▶ **DIRECTIONS FOR THIS TASK**
Further down are entries; set down exactly and only the lines from the one with "ごはん、牛乳、さつま汁 すきやき煮、みかん、わかめふりかけ ![]() |" up to and including the one with "This Safdie &", dropping each picture.

▶ **DATA EXTRACT**
________________

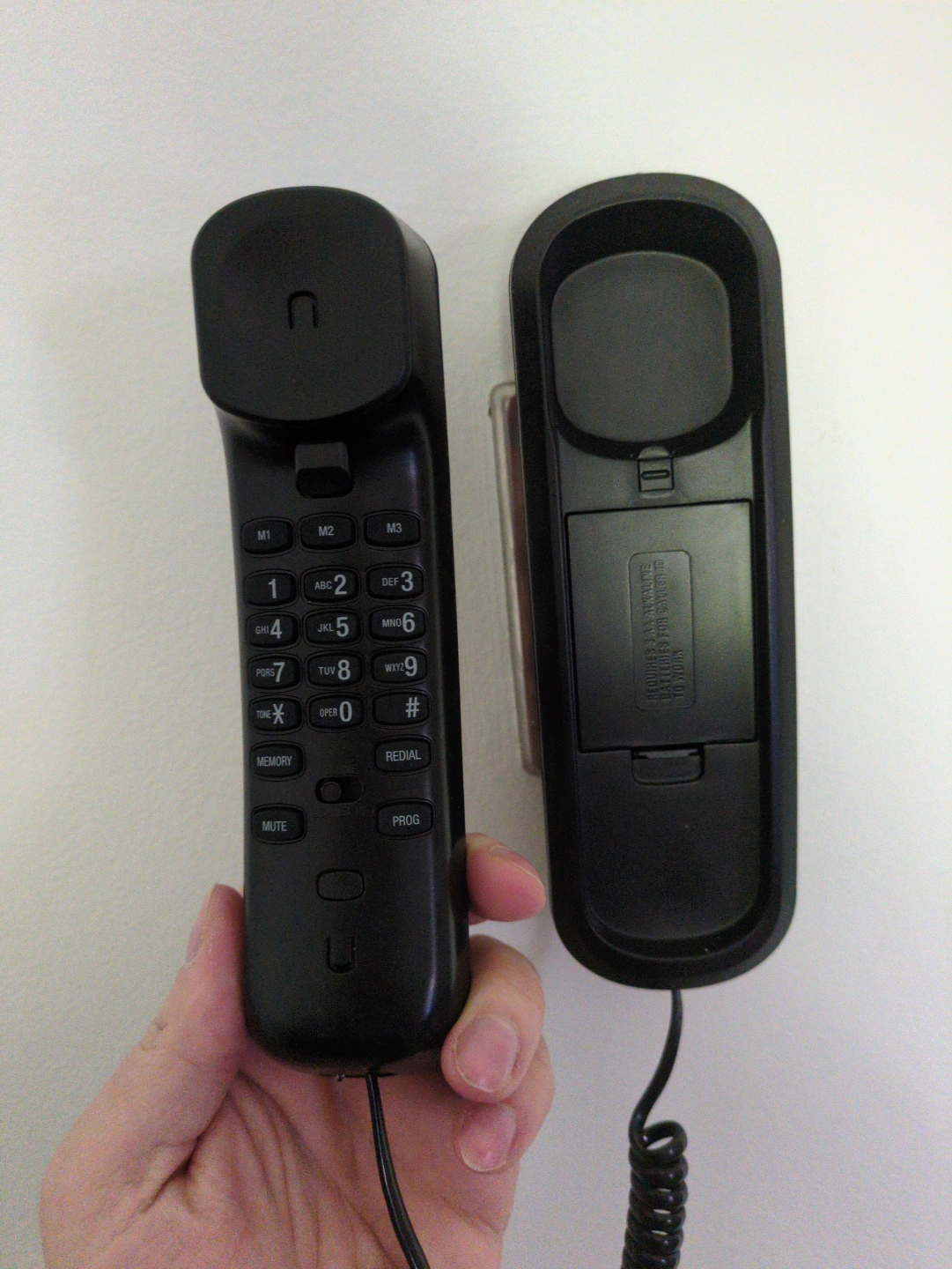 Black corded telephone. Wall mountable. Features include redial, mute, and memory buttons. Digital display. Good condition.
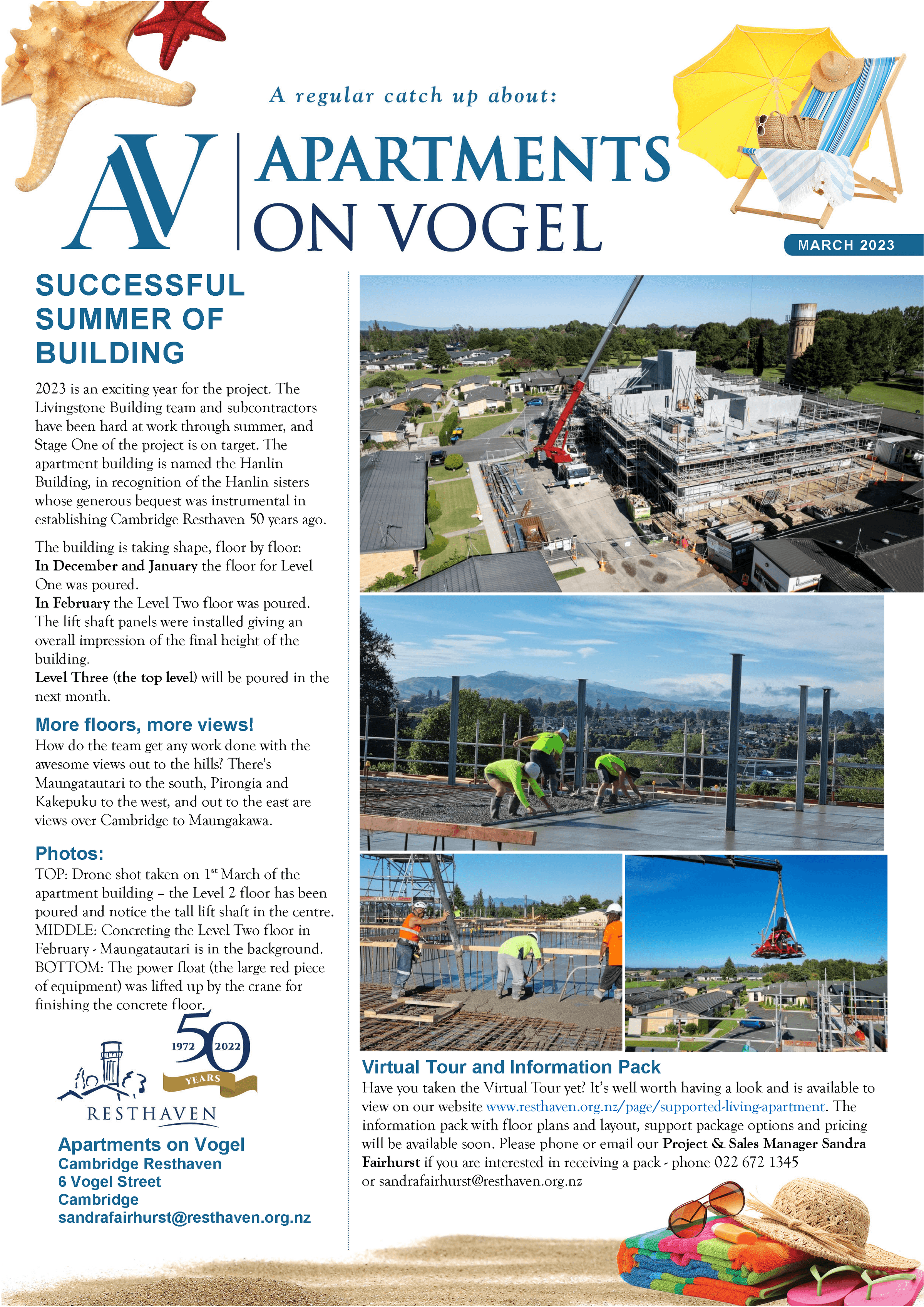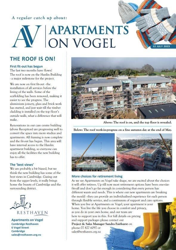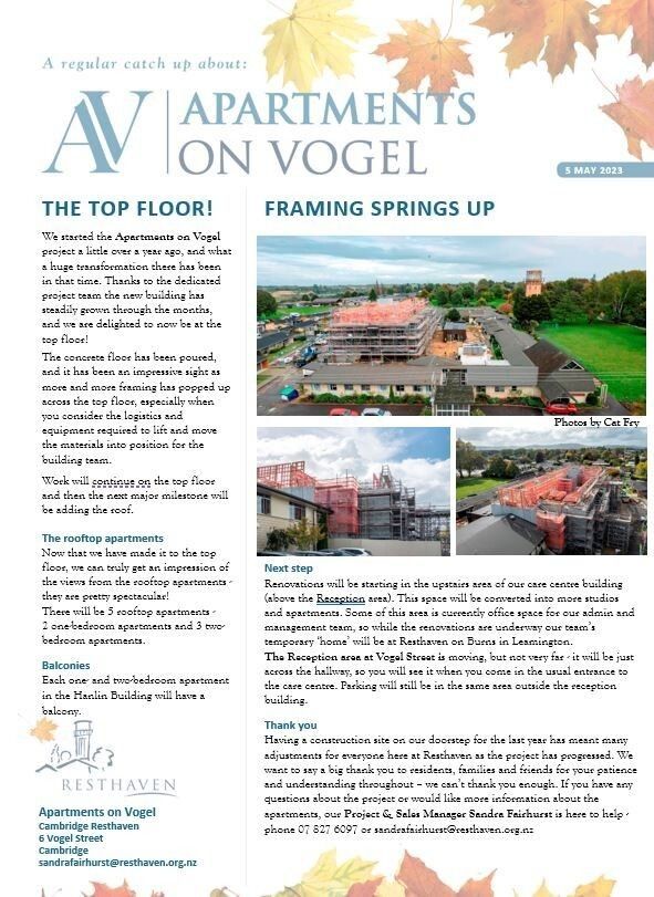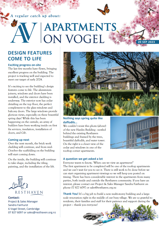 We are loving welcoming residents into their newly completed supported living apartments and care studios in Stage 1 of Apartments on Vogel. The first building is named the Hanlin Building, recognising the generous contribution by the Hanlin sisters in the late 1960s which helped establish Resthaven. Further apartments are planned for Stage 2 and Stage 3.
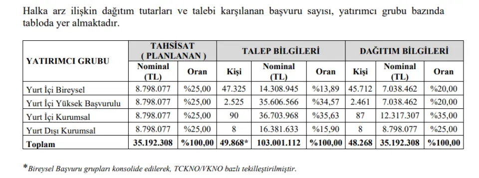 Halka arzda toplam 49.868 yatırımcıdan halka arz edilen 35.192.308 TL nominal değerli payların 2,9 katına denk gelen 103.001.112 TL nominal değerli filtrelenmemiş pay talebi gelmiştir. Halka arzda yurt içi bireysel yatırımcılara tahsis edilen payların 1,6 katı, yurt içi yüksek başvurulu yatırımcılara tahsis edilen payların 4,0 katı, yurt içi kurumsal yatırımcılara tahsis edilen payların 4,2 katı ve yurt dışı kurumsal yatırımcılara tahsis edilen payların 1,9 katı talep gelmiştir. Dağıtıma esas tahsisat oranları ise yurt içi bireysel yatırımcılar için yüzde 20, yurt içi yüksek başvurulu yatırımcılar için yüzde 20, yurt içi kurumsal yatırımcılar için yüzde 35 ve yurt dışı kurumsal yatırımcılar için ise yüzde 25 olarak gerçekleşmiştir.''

________________

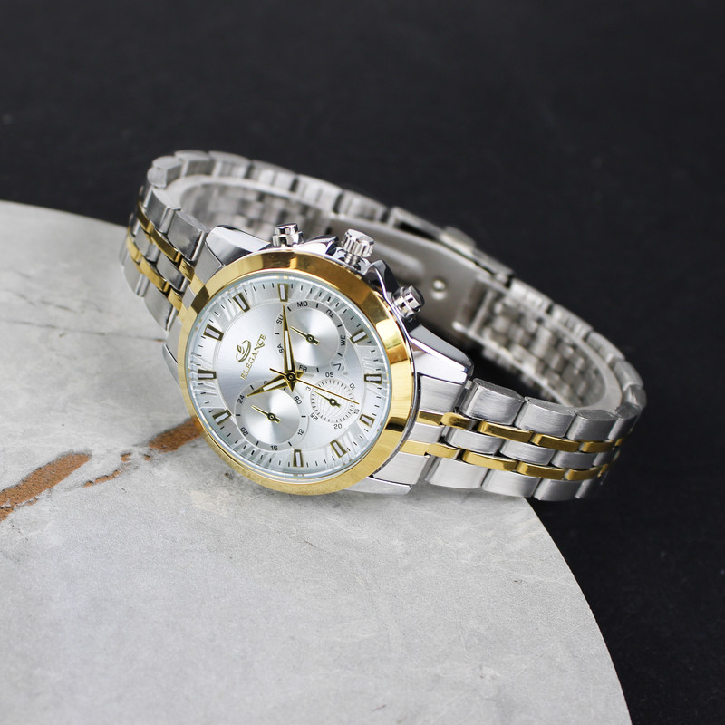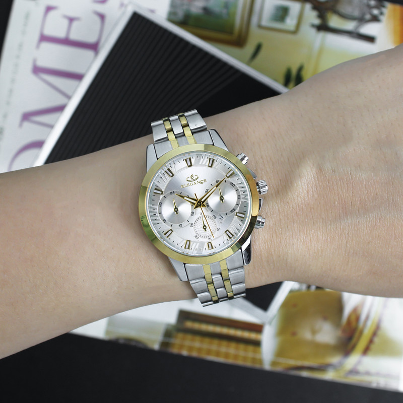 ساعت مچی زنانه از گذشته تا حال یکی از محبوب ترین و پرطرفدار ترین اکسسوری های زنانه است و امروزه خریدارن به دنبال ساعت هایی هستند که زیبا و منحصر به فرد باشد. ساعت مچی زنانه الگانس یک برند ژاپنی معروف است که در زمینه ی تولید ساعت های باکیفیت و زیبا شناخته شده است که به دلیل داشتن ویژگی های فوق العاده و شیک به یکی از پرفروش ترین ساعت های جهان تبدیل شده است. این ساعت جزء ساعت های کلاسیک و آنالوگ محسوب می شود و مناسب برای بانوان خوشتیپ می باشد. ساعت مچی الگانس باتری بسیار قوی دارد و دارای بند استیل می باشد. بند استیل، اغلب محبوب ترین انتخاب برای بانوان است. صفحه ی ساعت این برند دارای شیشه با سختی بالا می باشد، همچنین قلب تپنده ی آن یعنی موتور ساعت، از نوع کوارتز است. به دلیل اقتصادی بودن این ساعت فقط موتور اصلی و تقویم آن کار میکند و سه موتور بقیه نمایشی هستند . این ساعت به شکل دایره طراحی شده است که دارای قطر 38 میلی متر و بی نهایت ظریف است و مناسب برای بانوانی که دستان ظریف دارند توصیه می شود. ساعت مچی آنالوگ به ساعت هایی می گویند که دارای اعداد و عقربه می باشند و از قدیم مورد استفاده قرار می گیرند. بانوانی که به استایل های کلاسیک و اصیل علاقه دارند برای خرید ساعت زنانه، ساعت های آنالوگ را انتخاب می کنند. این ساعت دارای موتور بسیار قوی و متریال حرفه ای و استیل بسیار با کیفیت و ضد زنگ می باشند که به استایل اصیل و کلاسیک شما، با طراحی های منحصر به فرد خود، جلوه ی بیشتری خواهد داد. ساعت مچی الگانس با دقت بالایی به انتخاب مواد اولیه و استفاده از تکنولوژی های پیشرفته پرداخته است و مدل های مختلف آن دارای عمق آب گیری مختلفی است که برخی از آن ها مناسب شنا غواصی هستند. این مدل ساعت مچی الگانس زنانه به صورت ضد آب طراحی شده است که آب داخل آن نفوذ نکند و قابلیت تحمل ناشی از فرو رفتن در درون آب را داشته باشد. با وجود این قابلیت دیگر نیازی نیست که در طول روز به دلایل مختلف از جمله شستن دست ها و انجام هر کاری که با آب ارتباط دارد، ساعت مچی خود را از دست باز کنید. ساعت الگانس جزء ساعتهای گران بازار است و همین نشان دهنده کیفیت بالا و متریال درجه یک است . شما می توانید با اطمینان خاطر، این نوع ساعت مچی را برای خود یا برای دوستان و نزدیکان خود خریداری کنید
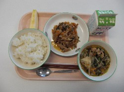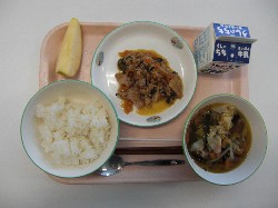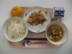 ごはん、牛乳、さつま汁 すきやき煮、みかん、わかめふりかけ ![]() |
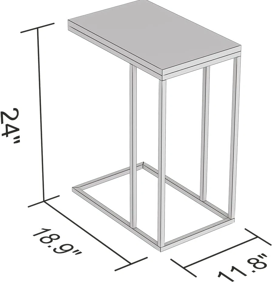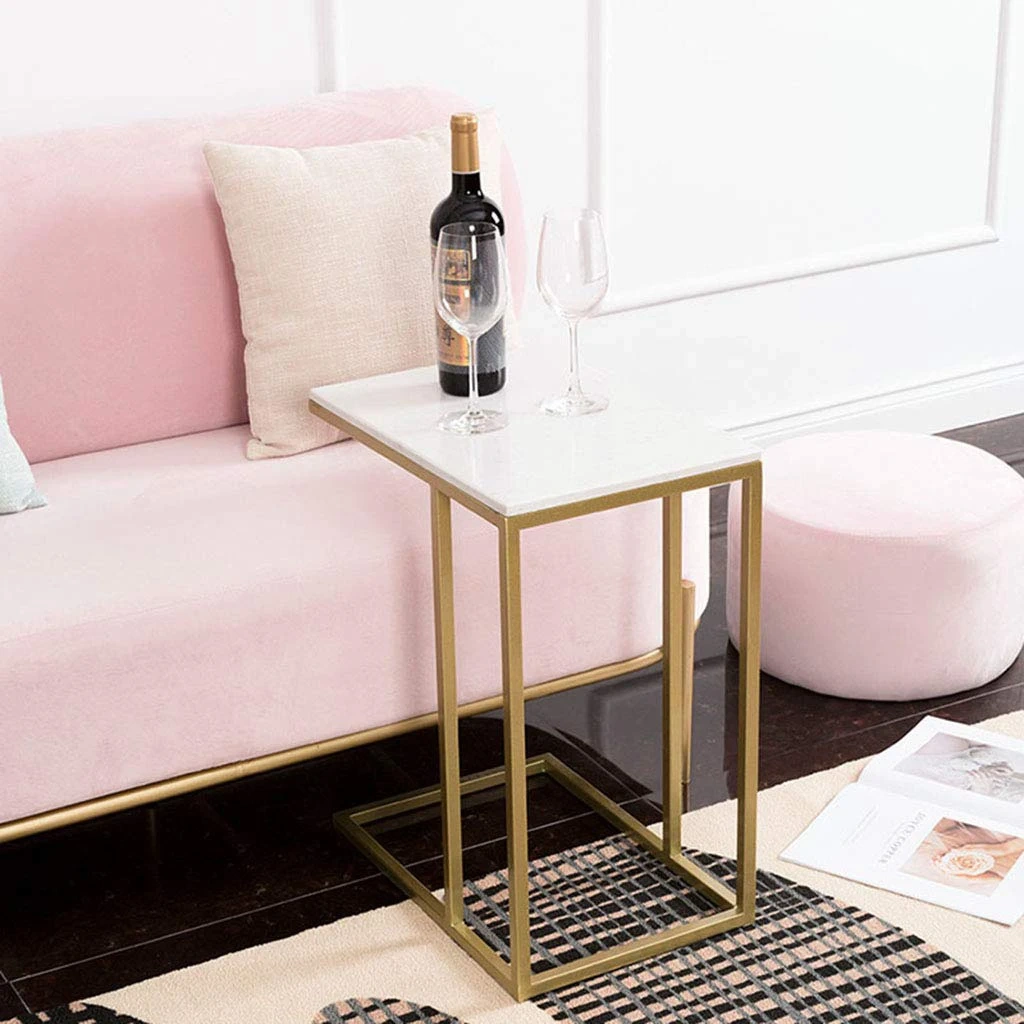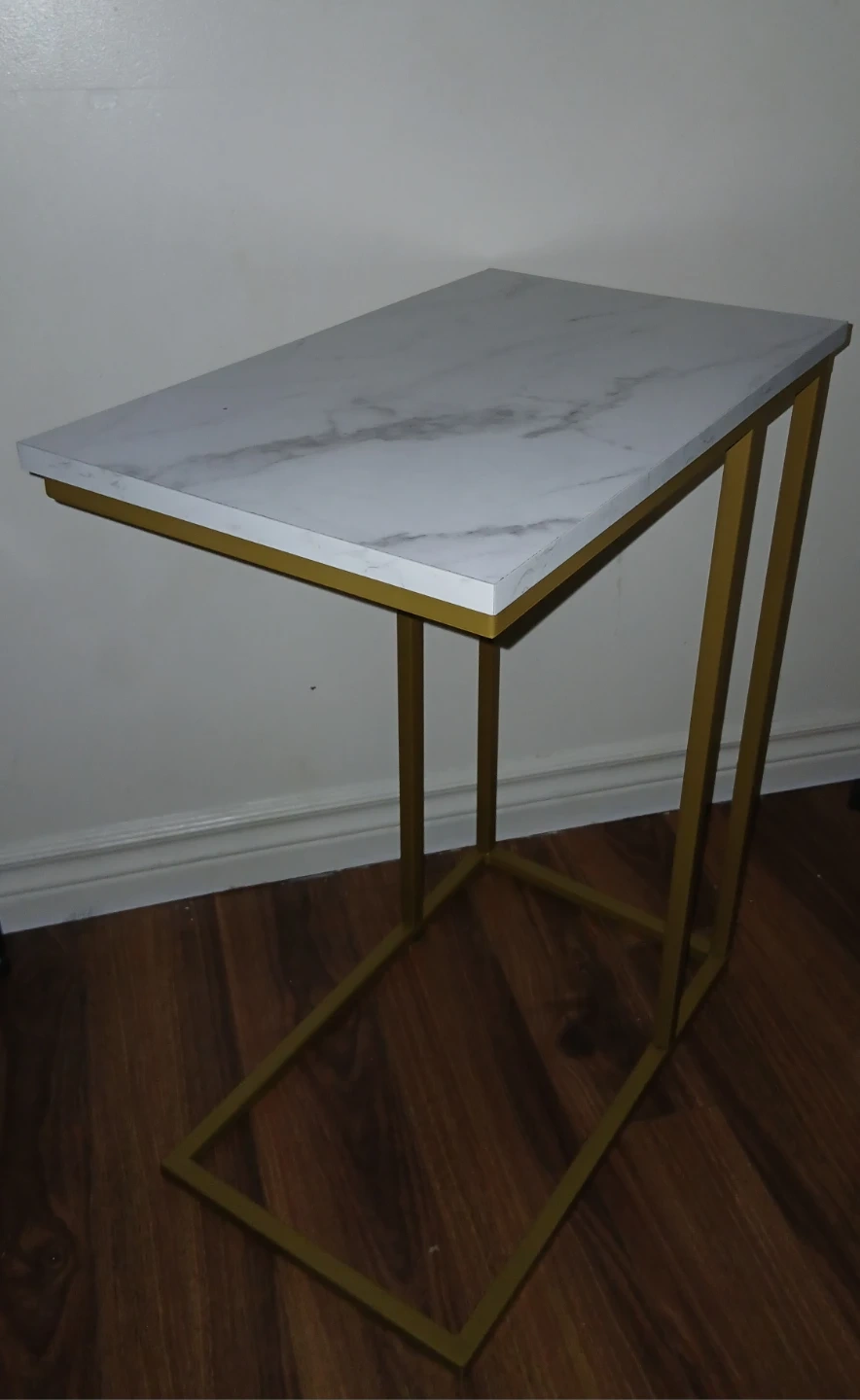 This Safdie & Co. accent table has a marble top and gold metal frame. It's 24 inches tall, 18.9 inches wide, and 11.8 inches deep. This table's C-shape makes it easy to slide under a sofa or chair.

________________

▶ **RESULT OF THE TASK**
 ごはん、牛乳、さつま汁 すきやき煮、みかん、わかめふりかけ ![]() |
 This Safdie & Co. accent table has a marble top and gold metal frame. It's 24 inches tall, 18.9 inches wide, and 11.8 inches deep. This table's C-shape makes it easy to slide under a sofa or chair.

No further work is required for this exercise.